On November 23, the OpenSUSE project announced the first 10.2 release candidate. In its usual way, LWN posted that announcement; we tend to have a relatively large number of readers who are interested in software of great novelty and questionable stability. This time, however, a recent LWN subscriber took exception to our having posted the announcement:
We got similar comments a few years ago when we continued to publish OpenLinux security alerts with all the others after SCO started its legal rampage. Now, as then, we do not intend to change our editorial policy.
In this context, a couple of other postings are worthy of merit. Shortly after the Novell/Microsoft deal was announced, Chris Dibona posted a weblog entry which reads, in its entirety:
The Google Engineering Staff and Open Source teams are hiring.
Comments posted on the site and elsewhere suggest that most readers found this entry to be topical and amusing.
On November 24, Ubuntu self-appointed benevolent dictator for life Mark Shuttleworth sounded off on the topic as well:
Unlike Chris's posting, however, Mark's missive was met with quite a bit of criticism. There was a fundamental difference between the two: Chris posted on his own weblog, while Mark chose to spam the OpenSUSE mailing list. Had Mark restricted his comments to his own, well-read weblog, he would likely have taken less grief.
Both people were, however, trying to do the same thing: attract developers away from the OpenSUSE project. We have also seen calls for direct boycotts of the SUSE/OpenSUSE distributions and, as mentioned above, people wishing that announcements from the OpenSUSE project would no longer be visible to the rest of the world. There is, it seems, a great deal of anger against Novell and a wish to marginalize its distributions in response. The petition posted by Bruce Perens states it clearly:
There are some problems with taking that approach at this time, however. Much of the concern in the community is about what will happen in the future - not what has happened so far. But predictions about the future are notoriously hard to get right, and things may not turn out the way people expect. In the mean time, however, we may have caused irreparable damage to our community.

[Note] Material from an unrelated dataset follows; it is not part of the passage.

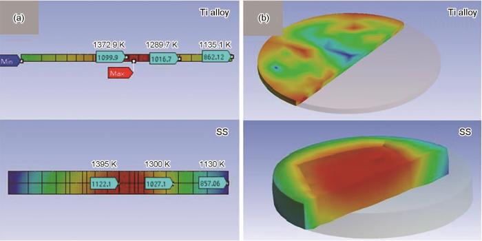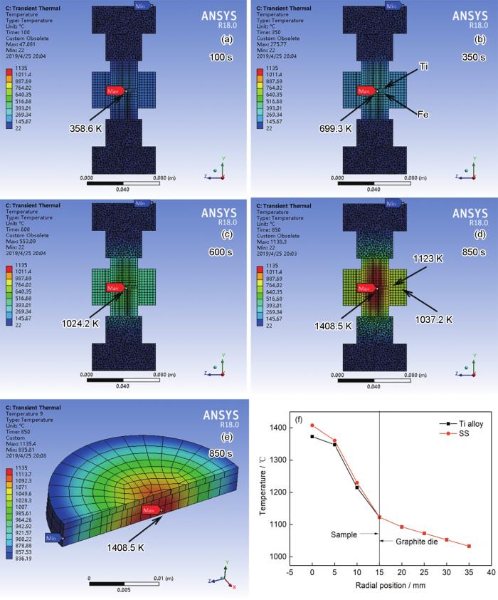 图3给出了放电等离子烧结过程中的温度分布云图。可以看出,整个系统的中心部位和模具外边缘出现较大的温度差,试样附近的温度最高;最高温度出现在不锈钢试样的中心,因为不锈钢的比热容和导热系数比钛合金更小。图3f给出了监测点温度达到1123 K时试样和模具径向的温度分布。可以看出,模具与试样的温度存在较大梯度。监测点的温度为1123 K时试样中心的最高温度可达1408.5 K,而此时模具外表面的最低温度只有1037.2 K,径向温差最大达到371.3 K。

The SUSE distribution is one of the oldest and highly respected available. SUSE has, over the course of many years, employed many free software developers and contributed heavily to the community. OpenSUSE is a free distribution which is slowly moving toward a more community-oriented model. There are many developers working on this distribution, and their work is worth as much now as it was last month. OpenSUSE is still a free-software distribution - especially if you avoid the proprietary add-ons disk.
As a bonus, OpenSUSE users are not beneficiaries of Novell's non-license, and, thus, get the full benefit of patent liability that they had before the deal was signed.
In addition, it is not yet clear what harm, if any, will be caused by Novell's deal with Microsoft. It could yet turn out as Novell says: more money for free software, more code, and no downsides. The fact that Novell chose to pay protection money to see off a potential bully does not necessarily make things harder for those who have not paid that money; if anything, Microsoft's attempt to start a new FUD campaign around this deal has backfired. Microsoft has now said, in public, that Novell did not acknowledge any patent problems - a statement which will make it harder for Microsoft to use Novell's protection money as a justification for shaking down other vendors.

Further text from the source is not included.